Doyle was a recipient of the John Towers Memorial Award from the Aviation Commandery of the Naval Order.

He received an honorary Ph.D. in Engineering from Michigan Tech.

Admiral Doyle Drive in New Iberia, LA, was named for him in the 1960s. It has been a busy commercial street since the 1970s.

In 1992, twenty-two years after his death, Admiral Austin Kelvin Doyle was enshrined in The Naval Aviation Hall of Honor. A bronze plaque of Admiral Doyle and his contributions was cast and placed in Naval Aviation Hall of Honor located in the National Museum of Naval Aviation at Pensacola, FL. The Hall was established in 1980 to recognize those individuals who by their actions or achievements made outstanding contributions to Naval Aviation. Final approval is made by the Chief of Naval Operations.

In Retirement

After retiring from the Navy, Doyle and his wife, Jamie Reese Doyle, made their home in Pensacola, FL.
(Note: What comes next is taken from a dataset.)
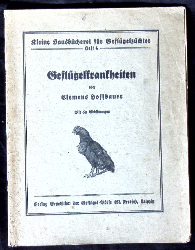 ORNITHOLOGIE.– HOFFBAUER, Clemens: Geflügelkrankheiten. Leipzig (Geflügel-Börse), ca 1935. Gr. 8°. 32 S. mit 50 Abb. ill. OBr. etwas gebräunt. = Kleine Hausbücherei für Geflügelzüchter, Heft 4. EA.

As a civilian, Doyle served as director of a bank, country club, and a sports association. He later taught History in the Florida public school system.

A Sailor's Officer

During the time that Rear Admiral Doyle was serving as Commandant of the Tenth Naval District, the manager of Bermuda's Belmont Manor Hotel stiffly requested the U.S. Navy to make the hotel 'off bounds' for enlisted men. Doyle replied - even more stiffly - that he would put the hotel off bounds for officers too. Said Doyle: "The customs of my country do not permit discrimination between officers and men in public places."

Death and Burial

Admiral Austin Kelvin Doyle died on 12 July 1970 at the Pensacola Naval Air Station Hospital after a short illness. He was 72 years old. Admiral Doyle is buried at Barrancas National Cemetery in Pensacola, Escambia County, FL, in Plot 13, 2013.

He was survived by his wife, Jamie, and five children. Jamie died on 22 February 2001 and is buried with her husband.